> **What is needed**
Exact reproduction of all the data is required, with pictures excluded.

> **Information shown**
******************************

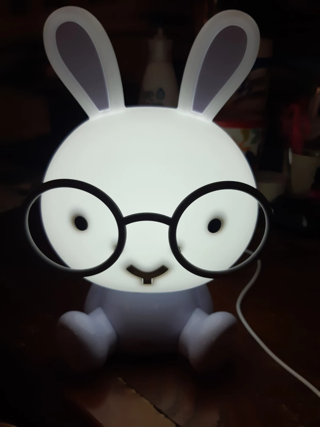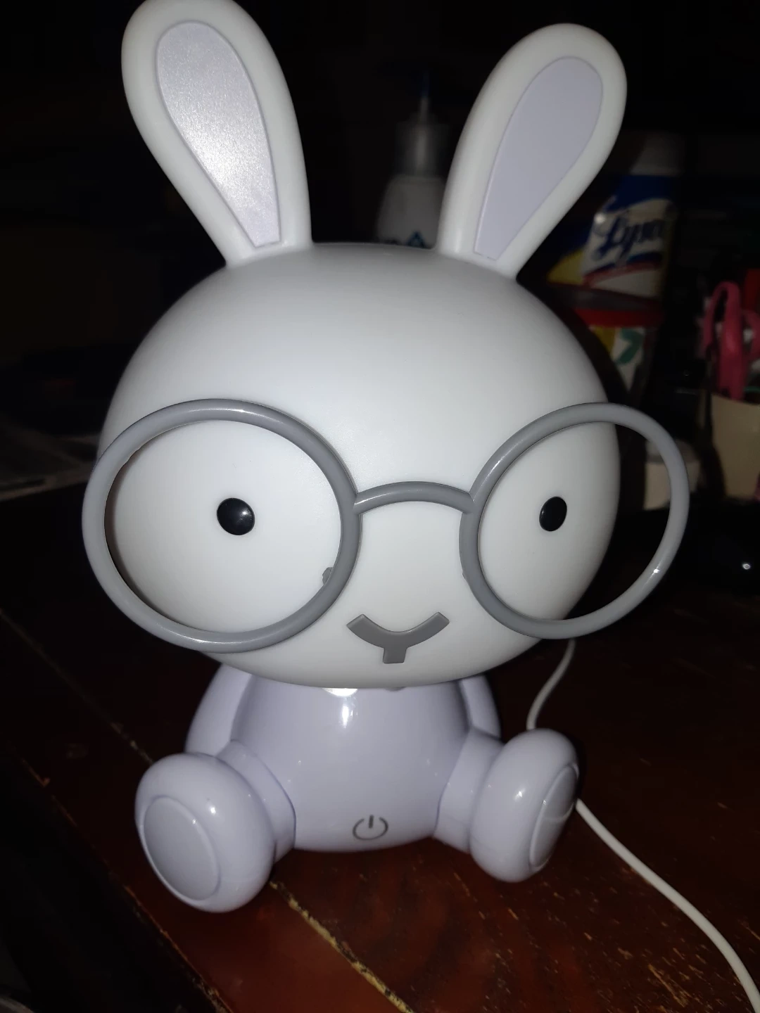 This adorable rabbit night light is perfect for a kid's room or anyone who loves cute decor! It features a sweet rabbit design with glasses, providing a soft and comforting glow at night. Three setting of light with touch button.
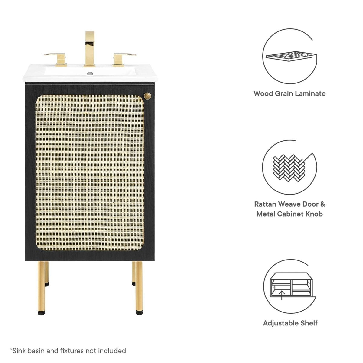 Compact and modern, this 18-inch black vanity cabinet makes a stylish addition to smaller bathrooms and powder rooms. Featuring a rattan weave door, it brings natural texture to your space while concealing practical storage. Inside, an adjustable top shelf and fixed bottom shelf provide room for toiletries and towels. Designed with a round metal knob and sleek legs with adjustable feet, this cabinet offers both stability and durability. Made with MDF, particleboard, and wood grain laminate, it combines organic aesthetics with contemporary design. Assembly required; sink basin not included.
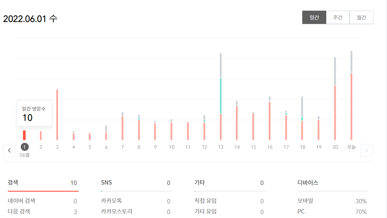 애드센스 심사 결과가 거절되었을 때, 발행한 글의 개수 대비 구글 검색으로 유입되는 방문자가 적었습니다. 월 별로 발행한 글의 개수는 3월 - 1개, 4월 - 20개, 5월 - 23개, 6월 - 10개이고, 4월부터 5월까지 구글 검색으로 유입되는 방문 수는 1 ~ 10 정도였습니다.

******************************

> **Answer**
 This adorable rabbit night light is perfect for a kid's room or anyone who loves cute decor! It features a sweet rabbit design with glasses, providing a soft and comforting glow at night. Three setting of light with touch button.
 Compact and modern, this 18-inch black vanity cabinet makes a stylish addition to smaller bathrooms and powder rooms. Featuring a rattan weave door, it brings natural texture to your space while concealing practical storage. Inside, an adjustable top shelf and fixed bottom shelf provide room for toiletries and towels. Designed with a round metal knob and sleek legs with adjustable feet, this cabinet offers both stability and durability. Made with MDF, particleboard, and wood grain laminate, it combines organic aesthetics with contemporary design. Assembly required; sink basin not included.
 애드센스 심사 결과가 거절되었을 때, 발행한 글의 개수 대비 구글 검색으로 유입되는 방문자가 적었습니다. 월 별로 발행한 글의 개수는 3월 - 1개, 4월 - 20개, 5월 - 23개, 6월 - 10개이고, 4월부터 5월까지 구글 검색으로 유입되는 방문 수는 1 ~ 10 정도였습니다.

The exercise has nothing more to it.